» **TASK BRIEF**
When you retype the data, keep every word exactly and include none of the pictures.

» **AVAILABLE DATA**
........

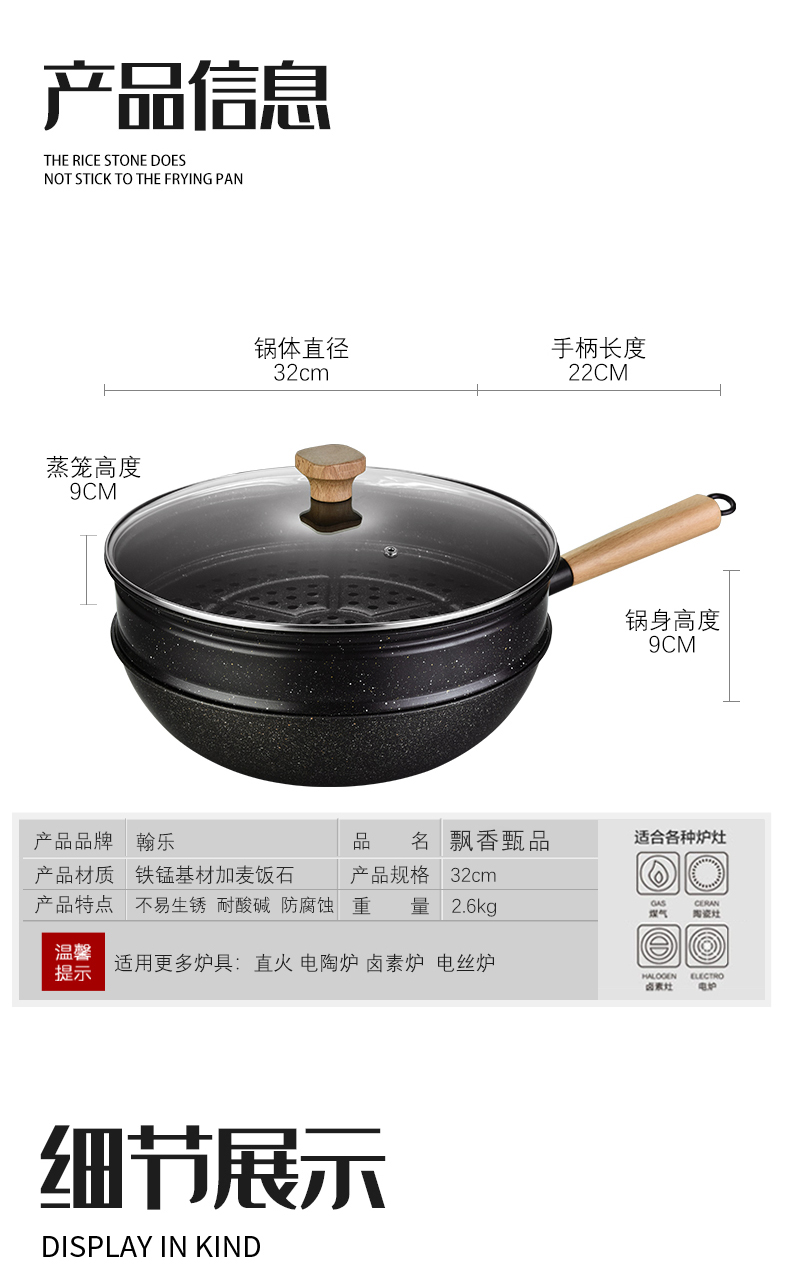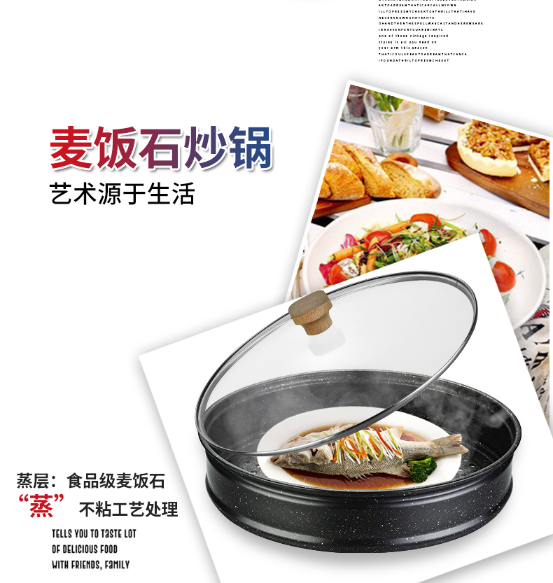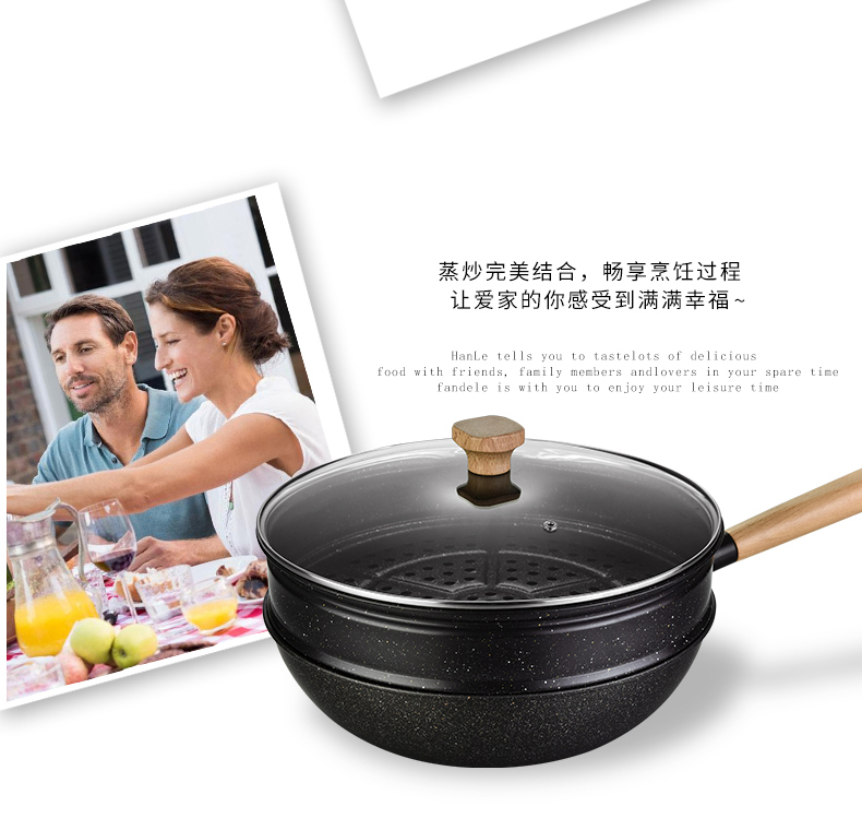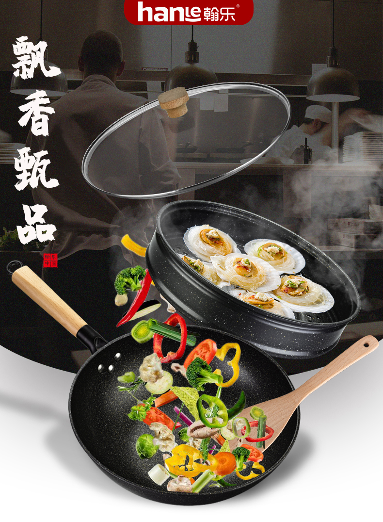 翰乐麦饭石不粘炒锅+蒸笼 送铲子 电磁炉煤气灶通用HL-T08飘香甄品(套)
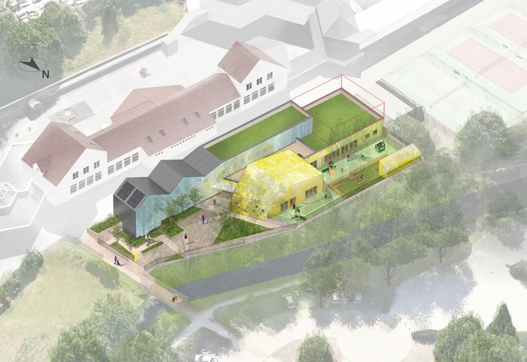 Au cœur de la ville de Buc, un nouveau multi-accueil verra le jour pour accueillir 51 enfants. Son implantation en centre-ville, bordée par la Bièvre, apparaît comme une évidence puisque le secteur accueille en effet d’ores et déjà deux groupes scolaires et un gymnase.
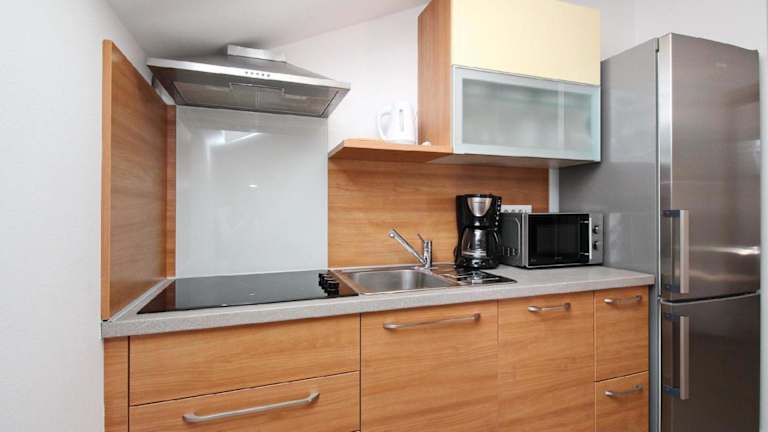Die Küchenzeile der Ferienwohnung ist ausgestattet mit einem Kühlschrank, Geschirrspüler, Ofen, Kaffeemaschine und Wasserkocher, wodurch eine eigenständige Verpflegung ermöglicht wird.

........

» **COMPLETED TASK**
 翰乐麦饭石不粘炒锅+蒸笼 送铲子 电磁炉煤气灶通用HL-T08飘香甄品(套)
 Au cœur de la ville de Buc, un nouveau multi-accueil verra le jour pour accueillir 51 enfants. Son implantation en centre-ville, bordée par la Bièvre, apparaît comme une évidence puisque le secteur accueille en effet d’ores et déjà deux groupes scolaires et un gymnase.
Die Küchenzeile der Ferienwohnung ist ausgestattet mit einem Kühlschrank, Geschirrspüler, Ofen, Kaffeemaschine und Wasserkocher, wodurch eine eigenständige Verpflegung ermöglicht wird.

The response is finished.